### RECORDS FOR PROCESSING
· · ·

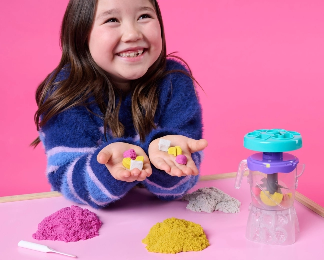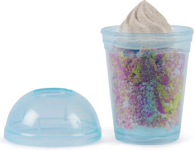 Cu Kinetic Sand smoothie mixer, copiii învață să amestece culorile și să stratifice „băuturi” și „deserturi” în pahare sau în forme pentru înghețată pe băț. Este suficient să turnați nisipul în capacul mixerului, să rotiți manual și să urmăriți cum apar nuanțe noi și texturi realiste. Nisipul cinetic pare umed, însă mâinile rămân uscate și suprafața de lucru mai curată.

· · ·

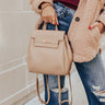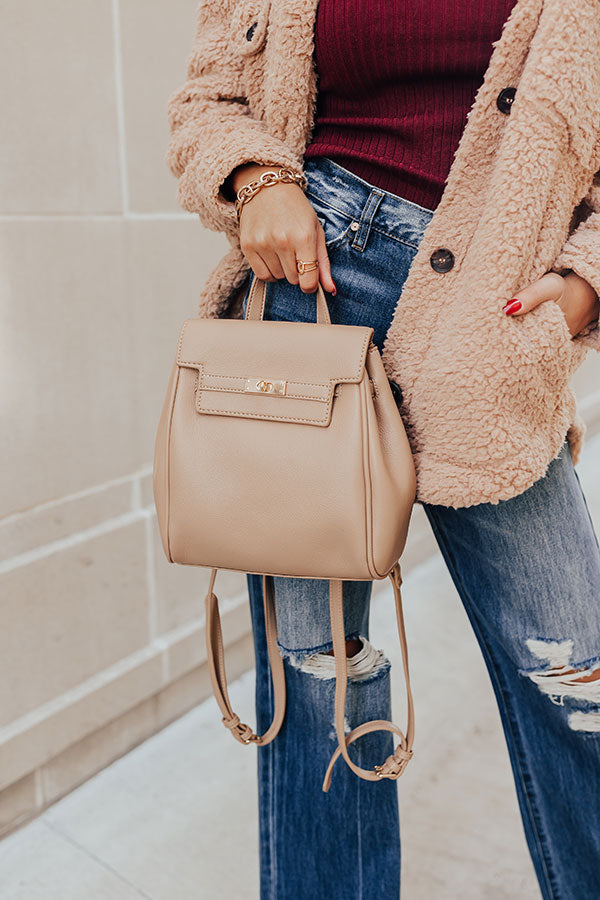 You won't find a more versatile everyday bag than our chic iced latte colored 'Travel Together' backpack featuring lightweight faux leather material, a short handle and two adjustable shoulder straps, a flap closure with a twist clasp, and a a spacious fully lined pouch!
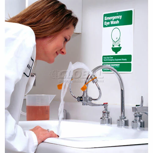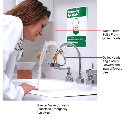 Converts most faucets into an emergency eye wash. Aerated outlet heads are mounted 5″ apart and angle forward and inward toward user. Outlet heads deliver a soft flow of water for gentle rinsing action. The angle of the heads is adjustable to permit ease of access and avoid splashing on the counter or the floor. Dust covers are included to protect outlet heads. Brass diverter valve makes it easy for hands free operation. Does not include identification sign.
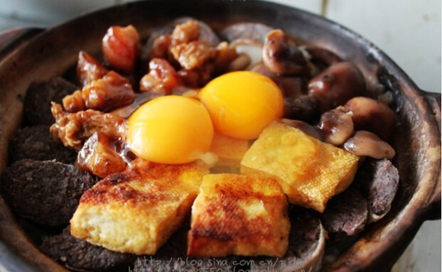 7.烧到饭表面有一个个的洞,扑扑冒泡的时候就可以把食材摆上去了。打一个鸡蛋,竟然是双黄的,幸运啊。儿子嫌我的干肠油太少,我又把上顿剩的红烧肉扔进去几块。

· · ·

### WHAT TO DO
From the material above, give again exactly the lines from the one that contains "Converts most faucets" through the one that contains "7.烧到饭表面有一个个的洞,扑扑冒泡的时", and leave out the pictures.

### RESPONSE BOX
 Converts most faucets into an emergency eye wash. Aerated outlet heads are mounted 5″ apart and angle forward and inward toward user. Outlet heads deliver a soft flow of water for gentle rinsing action. The angle of the heads is adjustable to permit ease of access and avoid splashing on the counter or the floor. Dust covers are included to protect outlet heads. Brass diverter valve makes it easy for hands free operation. Does not include identification sign.
 7.烧到饭表面有一个个的洞,扑扑冒泡的时候就可以把食材摆上去了。打一个鸡蛋,竟然是双黄的,幸运啊。儿子嫌我的干肠油太少,我又把上顿剩的红烧肉扔进去几块。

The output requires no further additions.